Segment Open
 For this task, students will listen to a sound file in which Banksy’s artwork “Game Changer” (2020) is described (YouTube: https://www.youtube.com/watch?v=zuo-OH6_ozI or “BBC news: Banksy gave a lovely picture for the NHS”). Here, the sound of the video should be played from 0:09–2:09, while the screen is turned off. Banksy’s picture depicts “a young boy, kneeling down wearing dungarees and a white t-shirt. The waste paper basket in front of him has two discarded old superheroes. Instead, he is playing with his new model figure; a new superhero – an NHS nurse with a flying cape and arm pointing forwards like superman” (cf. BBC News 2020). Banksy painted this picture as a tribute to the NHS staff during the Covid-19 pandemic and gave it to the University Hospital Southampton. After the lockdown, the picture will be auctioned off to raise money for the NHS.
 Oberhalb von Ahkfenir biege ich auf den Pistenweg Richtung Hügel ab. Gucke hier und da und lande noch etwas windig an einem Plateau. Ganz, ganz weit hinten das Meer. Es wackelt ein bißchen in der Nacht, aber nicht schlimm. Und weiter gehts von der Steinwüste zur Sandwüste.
Segment Closed
Segment Open
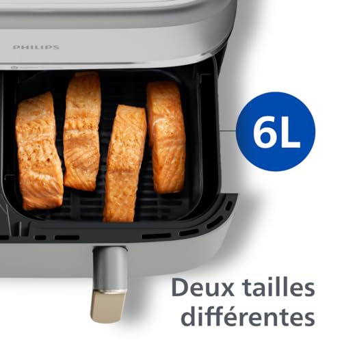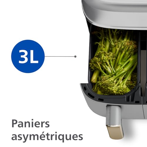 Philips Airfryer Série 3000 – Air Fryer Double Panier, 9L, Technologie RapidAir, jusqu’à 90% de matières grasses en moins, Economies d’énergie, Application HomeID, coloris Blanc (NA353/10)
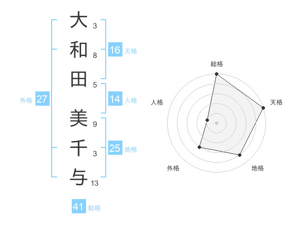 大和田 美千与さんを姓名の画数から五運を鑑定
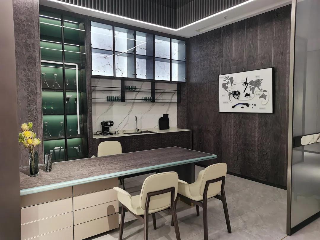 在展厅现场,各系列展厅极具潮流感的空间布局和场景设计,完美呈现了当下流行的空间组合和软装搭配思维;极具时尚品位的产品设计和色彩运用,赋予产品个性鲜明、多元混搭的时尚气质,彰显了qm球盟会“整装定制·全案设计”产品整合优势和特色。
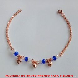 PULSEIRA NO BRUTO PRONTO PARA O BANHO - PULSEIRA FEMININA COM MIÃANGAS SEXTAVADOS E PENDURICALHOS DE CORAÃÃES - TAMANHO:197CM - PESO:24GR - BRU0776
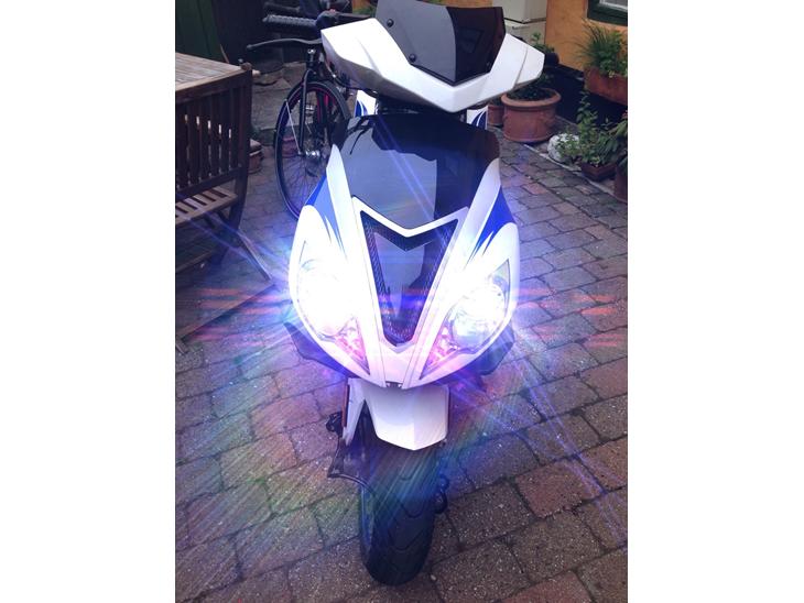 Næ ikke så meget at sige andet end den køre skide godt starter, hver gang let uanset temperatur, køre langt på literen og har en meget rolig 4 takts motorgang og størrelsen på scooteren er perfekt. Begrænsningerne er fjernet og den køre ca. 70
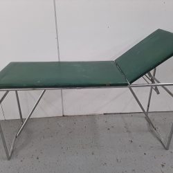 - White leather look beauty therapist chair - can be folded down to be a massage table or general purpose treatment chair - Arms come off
Segment Closed
Task instructions: Working from the entries above, please transcribe only the lines from the line with "大和田 美千与さんを姓名の画数から五運を鑑定" through the line with "PULSEIRA NO BRUTO", exactly, with both end lines and without pictures.

Solution to this task:
 大和田 美千与さんを姓名の画数から五運を鑑定
 在展厅现场,各系列展厅极具潮流感的空间布局和场景设计,完美呈现了当下流行的空间组合和软装搭配思维;极具时尚品位的产品设计和色彩运用,赋予产品个性鲜明、多元混搭的时尚气质,彰显了qm球盟会“整装定制·全案设计”产品整合优势和特色。
 PULSEIRA NO BRUTO PRONTO PARA O BANHO - PULSEIRA FEMININA COM MIÃANGAS SEXTAVADOS E PENDURICALHOS DE CORAÃÃES - TAMANHO:197CM - PESO:24GR - BRU0776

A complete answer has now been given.